Deviance information criterion is an information metric derived from the posterior distribution of the log-likelihood of a given data set and a penalization value based on the complexity of a given model (Spiegelhalter, Best, & Carlin, 1998; Spiegelhalter, Best, Carlin, & van der Linde, 2002). DIC is calculated as: \begin {equation} \begin {split} DIC=E_{\theta |y}[D(\theta )]+p_D\\ D(\theta )=-2log(L(\theta |y))\\ p_D=E_{\theta |y}[D(\theta )]-D(E_{\theta |y}[\theta ]), \label {DIC} \end {split} \end {equation} where \(\theta \) is the parameterization of a given model, \(L(\theta |y)\) is the likelihood of \(\theta \) given some data, \(y\), \(E_{\theta |y}[D(\theta )]\) is a the expectation of \(D(\theta )\) conditional on \(y\), and \(E_{\theta |y}[\theta ]\) is the expectation of \(\theta \) conditional on \(y\).

As a model’s likelihood increases, \(D(\theta )\) tends to \(0\). Conversely, as the number of parameters in a model increase, so does \(p_D\). In this way DIC simultaneously incorporates model fit and penalizes overly complex models. For model comparison purposes on a given data set, model selection by DIC is conducted by selecting the model with a lower DIC value by at least 10 points, otherwise selecting the model with fewer parameters (Spiegelhalter et al., 1998). Thus, a researcher interested in testing for the existence of interindividual differences in intraindividual change across time within his/her own data would compare the DIC values of two competing growth cruve models. One model would allow the slope parameter to vary by participant, and another model would fix this value to be the same for all participants. Assuming a DIC difference of more than 10 points, the model with a lower DIC value would then be considered more appropriate for these data than the model with a higher DIC value (Lunn, Jackson, Best, Spiegelhalter, & Thomas, 2012).

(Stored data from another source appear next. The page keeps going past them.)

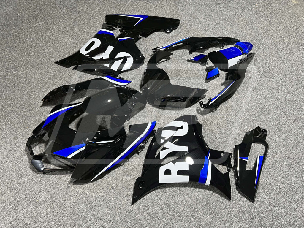 Suzuki GSXR 1000 2017-2025 Gloss Black & Blue with White ABS Fairings | Monster Fairings
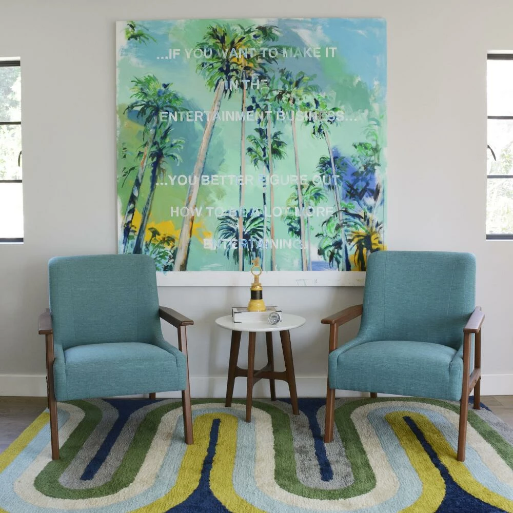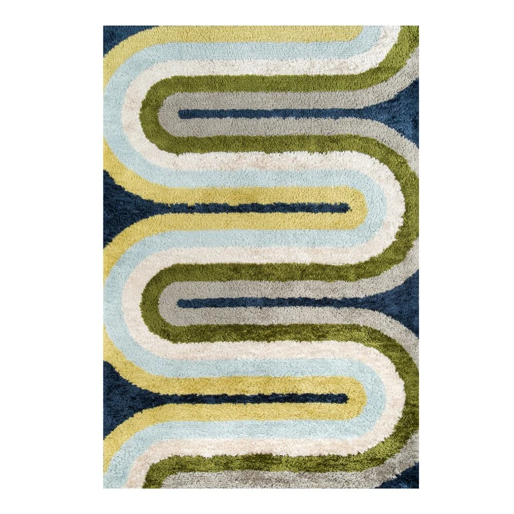 Allow the ebb and flow of the curved geometric lines on the Retrograde area rug to pull admirer’s eyes in and through your space. Reminiscent of ’70s modern-art motifs, the colorful pops of chartreuse yellow, green and blue on this hand-tufted piece set a cool tone in any room you choose.
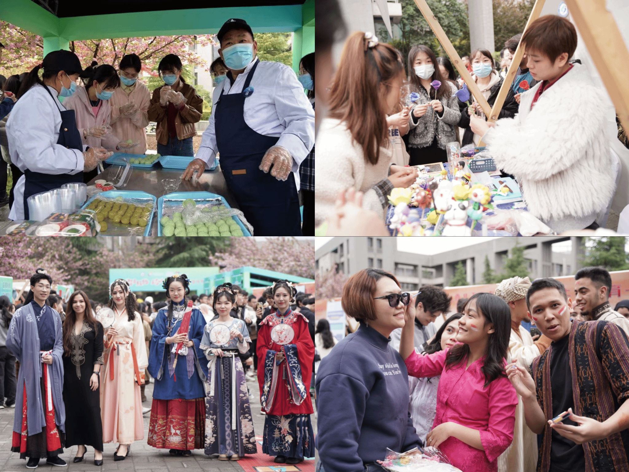活动现场,为吸引更多参与者,各展位负责人“尽显神通”。学院特别邀请了后勤产业海天苑专区的专业团队,为观众们提供了百余份为文化节专属订制的精美青团,新鲜出炉的传统美味受到了现场观众们的热烈欢迎,场面火热一“团”难求。巴基斯坦的歌舞秀、印度尼西亚的互动、中华文化体验区的投壶、面人等,现场摊位都摆起了长队,在这趟沉浸式的国际文化交流中,各国青年尽情感受着文化的碰撞与交融,也结识志同道合的新朋友,讲述着家乡故事、分享着丰富见闻,不同种族的青年们笑脸洋溢,一起体验和交流不同文化,氛围热闹又轻松。
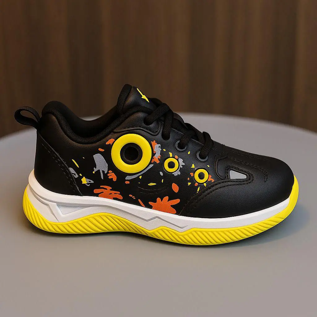 سنيكرز أطفال أسود بطبعة سبلاش وأطراف صفراء، حذاء رياضي عصري ومريح
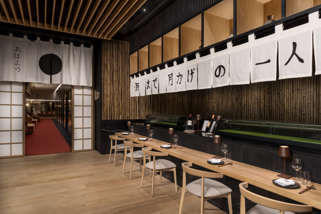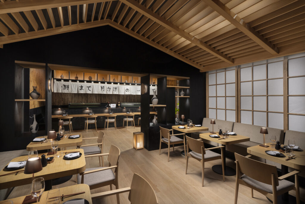 Anciennement tourné vers la cuisine libanaise, Min Koy se réinvente. Ici, l’inspiration japonaise ne se raconte pas, mais elle se matérialise. Les parois en papier de riz filtrent la lumière comme un matin brumeux à Kyoto. Le bois brûlé (Shou sugi ban), les toitures à fermes apparents, les bandes végétales de bonsaïs : le moindre matériau évoque ici un geste ancestral. Tout est pensé comme une architecture du calme. Dans l’ombre discrète du bois, les équipements ultramodernes de la cuisine révèlent un autre Japon, celui de l’avant-garde. Min Koy devient alors un théâtre culinaire où la précision fleurte avec le silence.
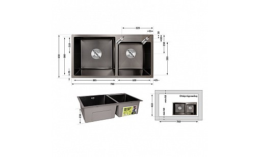 - Комплектація виробу: Мийка, сифон, злив/перелив, корзинчастий вентиль, дозатор, кріплення.
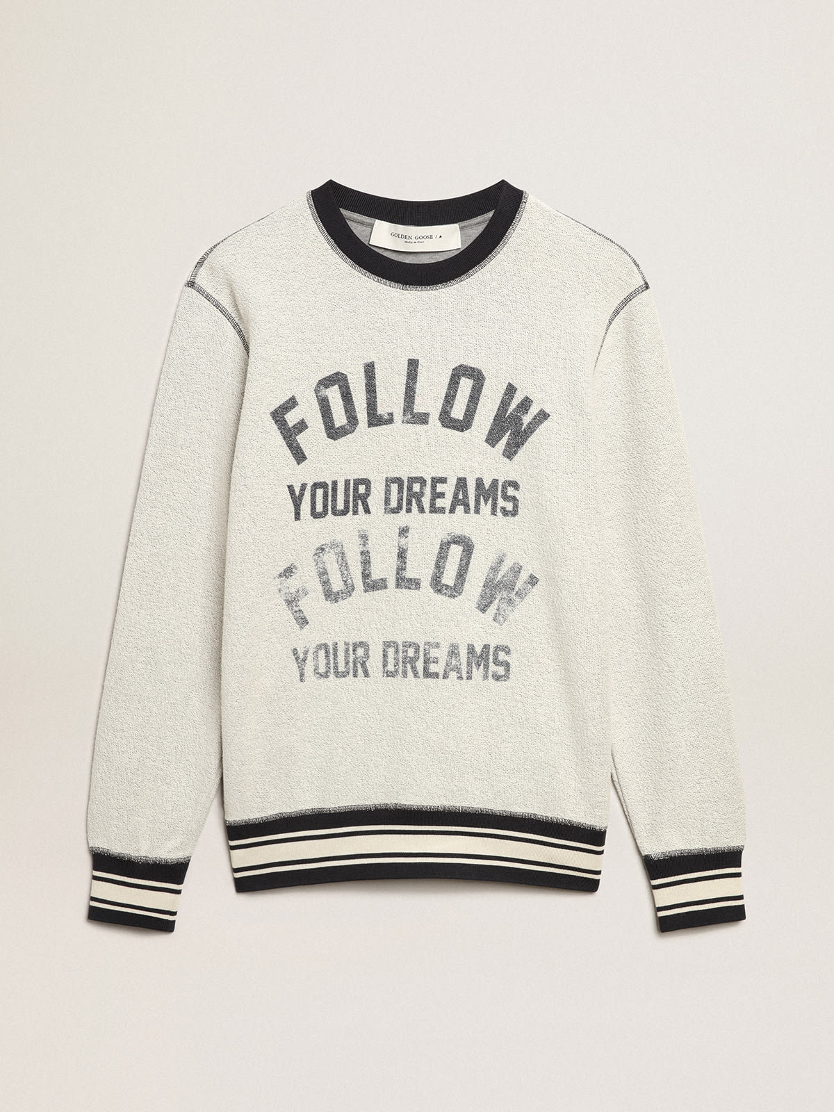 Gray round neck sweatshirt with lettering Very well made.
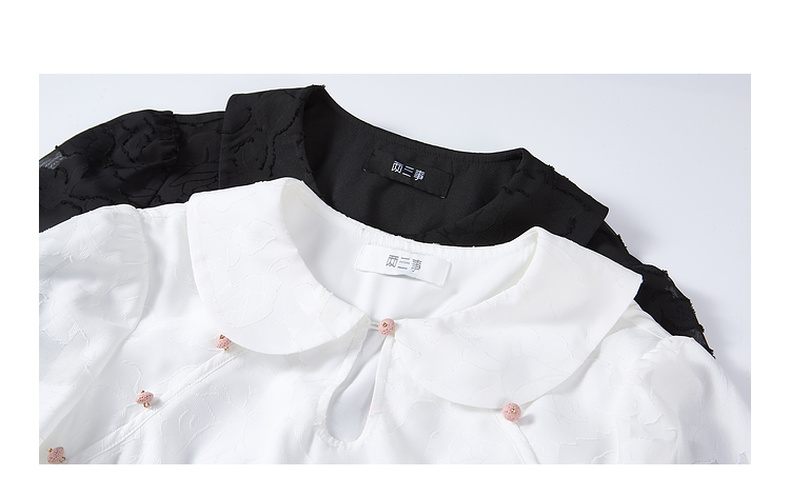 两三事 月缎流萤 2025夏季新款淑女风印花荷叶边刺绣翻领衬衫女
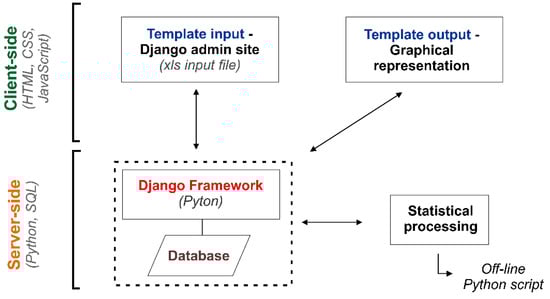 The structure of the code for the interactive SLONIP platform is based on Django [], i.e., a server-side web framework written in the programming language Python. Django represents the logical foundation of the code that serves as the platform’s backend (i.e., the server-side) and is capable of communicating with the frontend (i.e., the client-side). The platform’s frontend is the part of the code responsible for the graphical interface as seen by the web user. The backend takes care of the data displayed on the page. It makes sure it is safely stored in a database and that the data is readily available if instructed by the frontend (triggered by an action performed by a web user) and is where the statistical processing of the data is performed.
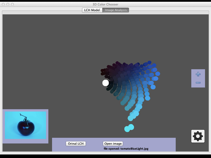 Our app can perform a real-time analysis of any image. Here the pixels of the image of the red tomato are analyzed and the results are compared to the full color model returning a color space, or gamut, for that image.
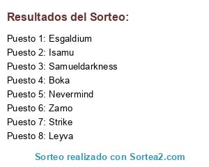 Lista de participantes: Zamo, Isamu, Esgaldium, Leyva, Boka, Samueldarkness, Nevermind, Strike.
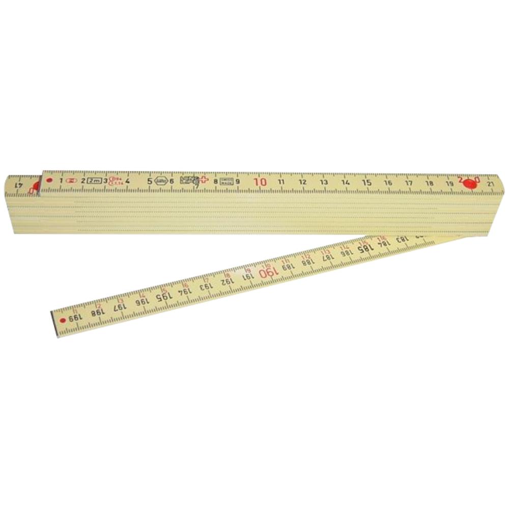 Metrisk Buchs glasfibertommestok med led der låser i 90 grader vinkel. Gennemgående nitter og hærdede stålfjedre. Glat over leddene, så man kan strege efter den. Kraftige stave og fremragende slidstyrke, modstandsdygtig overfor vand. Velegnet til murerarbejde. Fås i flere farver.
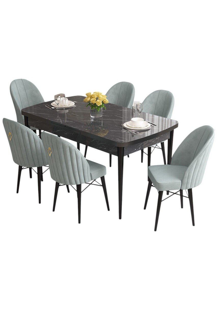 Set masa extensibila si scaune, Hanah Home, Roz, Marmură neagră / Verde marin
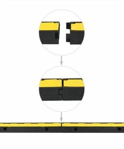 This set of 2 single-channel cable protector ramps has been specifically designed for concealing and protecting wires, cables, hoses, tubes or pipes. The ramps are made of rubber, which is lightweight, hardwearing and durable. The ramps are coloured in bright yellow and have warning symbols on the surface to make them more visible. Each ramp has a single channel track to guide and protect your cables and can support a maximum weight of 25 tonnes. The cables can be easily placed or removed by flipping up the top cover. Thanks to the modular design, multiple ramps can be connected to accommodate longer lengths of cable. Delivery includes 2 single-channel cable protector ramps.
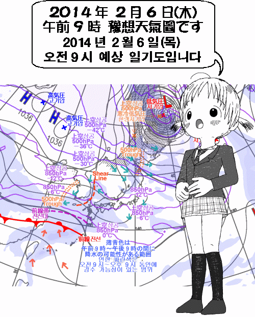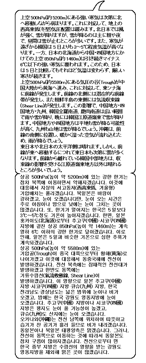 일본은 내일도 춥겠다. 그리고 서일본이나 한국 남부는 눈이 오는 곳이 많겠습니다.
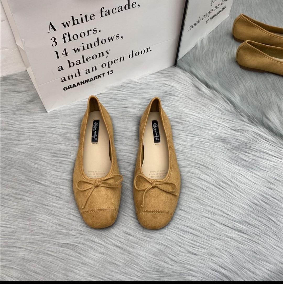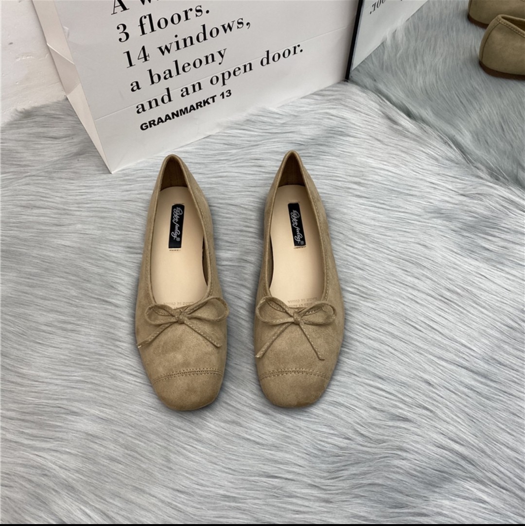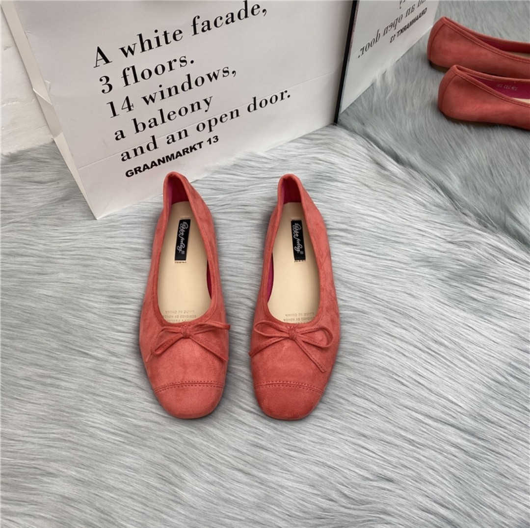행복한 느낌 신발 한국 사각 발가락 얕은 나비 플랫 발레 모든 일치 빈티지 신발
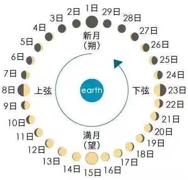 朔日、望日、晦日、弦日是农历中描述月亮形态变化的四个关键节点,分别对应不同日期及月相特征,共同构成农历月相变化的完整循环。月相变化的背后是月亮、地球与太阳三者位置的天文规律, “朔、望、晦、弦”月相变化周期循环,每个循环规定为农历月份的一个月,也就是月相从“亏”到“盈”再从“盈”到“亏”的一个完整过程。
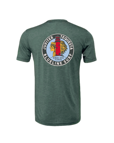 Celebrate the heart of Jupiter and Tequesta with the North County T-Shirt in Heather Pine. Featuring a bold circular back graphic with the Blueline logo, Jupiter Lighthouse, and native Florida colors, this tee is a soft, everyday staple for anyone who loves life along the North County coastline.
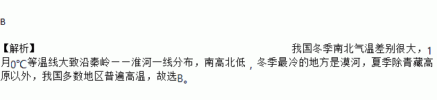 B 【解析】我国冬季南北气温差别很大,1月0℃等温线大致沿秦岭——淮河一线分布,南高北低,冬季最冷的地方是漠河,夏季除青藏高原以外,我国多数地区普遍高温,故选B。
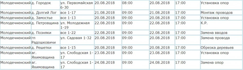 Яхимовщина, Радошковичи, Городок. Где еще в Молодечненском районе не будет света (график)
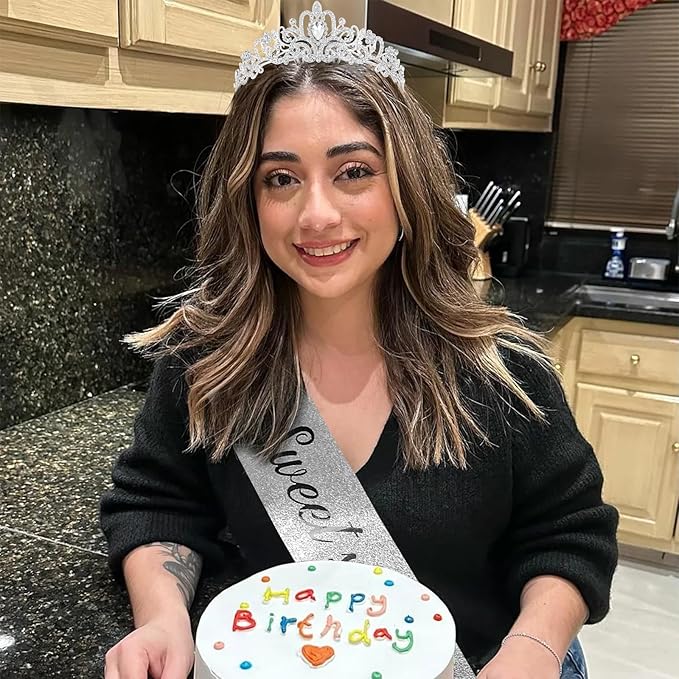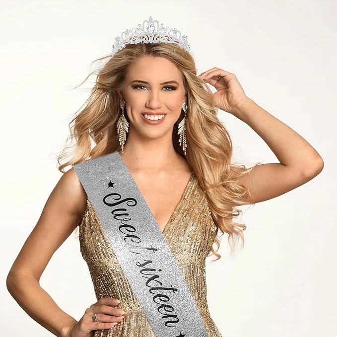- 【Nice Gift for Sweet 16】If you are still worried about what to give your friends for her birthday, this beautifully crafted crown and a glitter birthday sash will be an ideal choice. The tiara is elegant and atmospheric, with rhinestone embellishments that sparkle in the light. It is a nice hair accessories for girls. When your friend receives this birthday gift, it's sure to reward her with a pleasant surprise. Nice16th birthday gifts for girls.
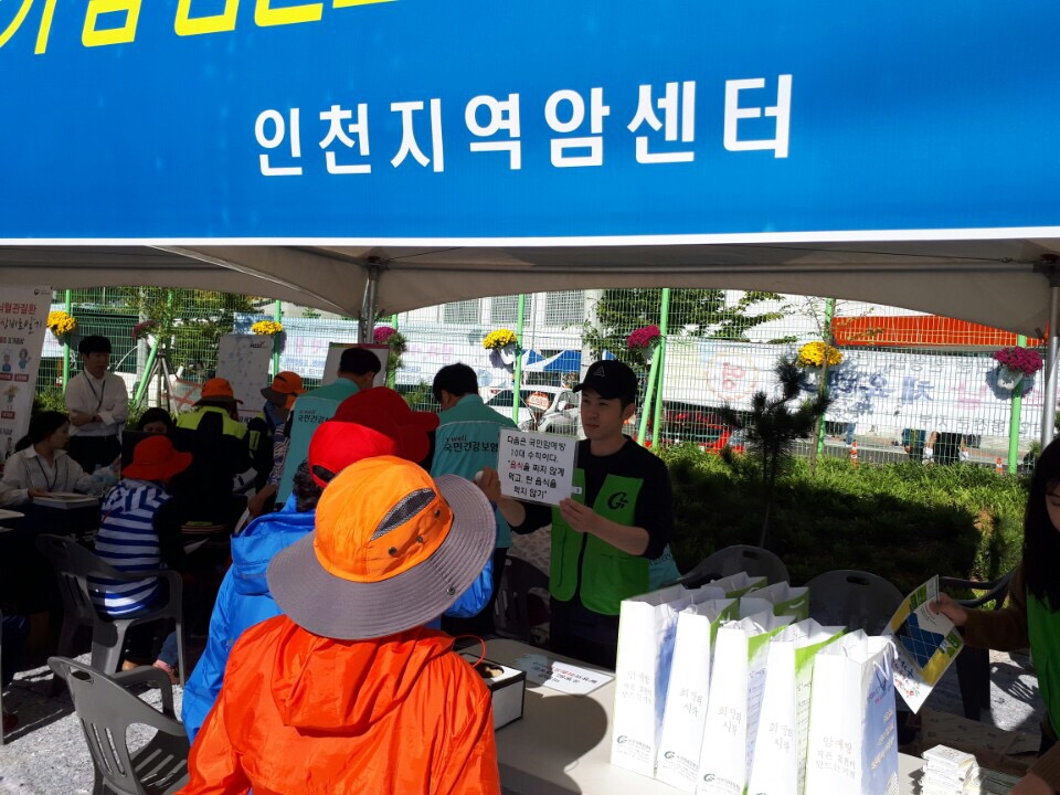 2017년 9월 20일(수) 옹진군에 위치한 영흥종합운동장 에서 지역주민 및 도서지역 주민들을 대상으로 옹진군보건소와 함께 09:00-15:00시까지 암예방 관리 및 국가암검진에 대해 홍보 캠페인을 실시하였습니다.
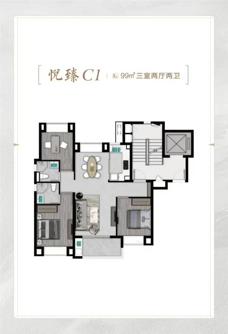 项目打造新中式立面风格,别墅1-3层、洋房1-2层采用来自巴西的维多利亚白天然石材干挂,营造高级、大气的建筑气质。
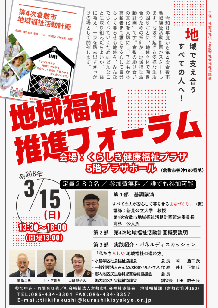 令和8年度から第4次倉敷市地域福祉活動計画がスタートします。
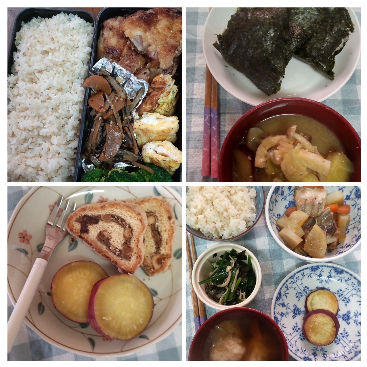 お米を買いに 今日はお米買いに行きました。相変わらず品薄でお高いな…私はいつも玄米で買ってその場で精米してもらいます。最近は五分付きです。さて今日のごはんの記録朝は海苔おむすびに重ね煮味噌汁お弁当のメインは竜田揚げ卵焼きと、ブロッコリーの蒸し煮根菜のきんぴらおやつはシュトーレン💕お夕ごはんぶりと大根煮さつまいも蒸し煮ほうれんそうとえのきの海苔和えすいとん汁寒くなりました。感染症予防して元気に過ごしましょう😊
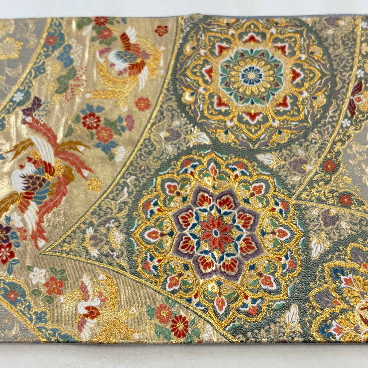 70%OFF 【美品】 袋帯 秀品 花鳥 有職文様 金糸 箔 薄緑 六通 正絹 K70
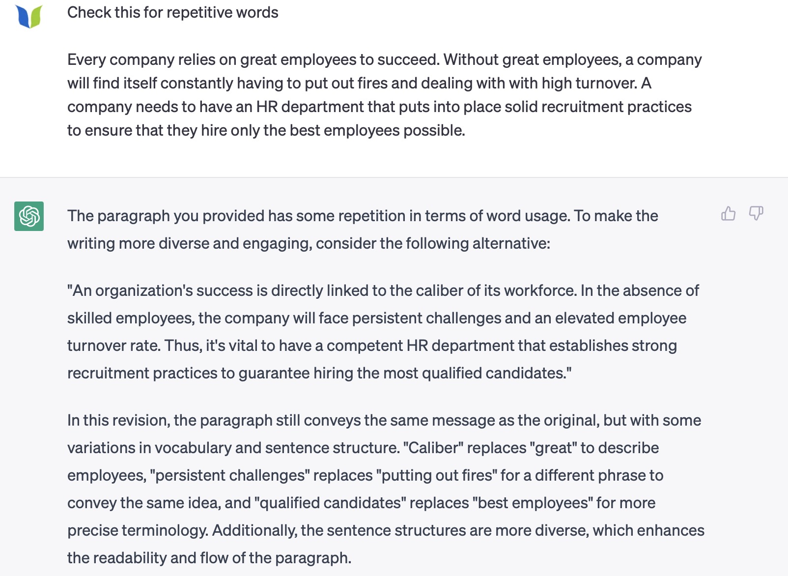 For example, if a writer uses a word that is too informal for the tone of their writing, ChatGPT may suggest a more formal or academic word that better fits the context. Likewise, if a writer repeats the same word too often in their writing, ChatGPT can suggest synonyms to help the writer avoid redundancy and diversify their vocabulary.

Although DIC is a relatively reliable metric for model selection it is not without its criticisms. According to a review by Spiegelhalter et al. (2014), some of the most common criticisms of DIC is its lack of consistency and its weak theoretical justification. As an alternative to model comparison using DIC, some researchers argue for the use of Bayes factors (Ward, 2008).

Bayes factor

The Bayes factor is another common measure for model comparison within a Bayesian framework (Kass & Raftery, 1995; Lodewyckx et al., 2011; Saville & Herring, 2009). Bayes factors can be thought of as a ratio of evidence for one model over another, which is evident in its calculation: \begin {equation} B=\frac {p(y|M_1)}{p(y|M_2)}=\frac {p(M_1|y)}{p(M_2|y)}\frac {p(M_2)}{p(M_1)}, \label {BF} \end {equation} where \(M_1\) and \(M_2\) are different models used on the same data, \(y\). The Bayes factor, \(B\), can then be used for model selection. For \(B > 3\), one would say that there is substantial evidence for \(M_2\) over \(M_1\) and thus a researcher would select \(M_2\) as the more probable model. If however \(B < \frac {1}{3}\), a researcher would select \(M_1\) as the more probable model for the generation of \(y\) (Stefan, Gronau, Schönbrodt, & Wagenmakers, 2019).

Although intuitive, Bayes factors can be difficult to obtain analytically and calculations for their numeric approximations can be computationally intensive for some models or require hyper-parameters to be set by a researcher. Additionally there are methods for numerically approximating Bayes factors including so called default Bayes factors, approximate Bayes factors, and Bayes factors estimated through the product space method (Lodewyckx et al., 2011; Rouder & Morey, 2012; Saville & Herring, 2009). Each of these methods for estimating Bayes factors require time and energy for a researcher to understand each method’s intricacies well enough to properly implement each method. Bayes factor calculations may also be sensitive to a researcher’s specification of priors (Ward, 2008). Additionally, implementations of Bayes factors have been shown to be inappropriate for many data sources and Bayes factors themselves have been argued as having frequentist properties, making many numerically approximated Bayes factors uninformative (Hoijtink, van Kooten, & Hulsker, 2016; Morey, Wagenmakers, & Rouder, 2016). Such difficulties make estimation of Bayes factors using for more complex models, such as growth curves, intractable. Indeed the authors of this article could find no reliable method for estimating Bayes factors for growth curve models as most numerical methods are either not able to take into account random effect structures or require overly sensitive hyper-parameter settings to initiate jumping behaviors between models needed to obtain proper Bayes factor approximations (Lodewyckx et al., 2011; Rouder & Morey, 2012; Saville & Herring, 2009). Many current methods that do offer Bayes factors for random effects models do not give Bayes factor values for the random effects parameters of interest in this aritcle. Thus, a researcher would find difficulty in using Bayes factors for testing for the existence of interindividual differences in intraindividual change across time. Although the DIC and Bayes factor methods are not the only methods used to assesses the random effects structure of growth models, these are perhaps the most common (Cai & Dunson, 2006; Chen & Dunson, 2003; Piironen & Vehtari, 2017; Ward, 2008).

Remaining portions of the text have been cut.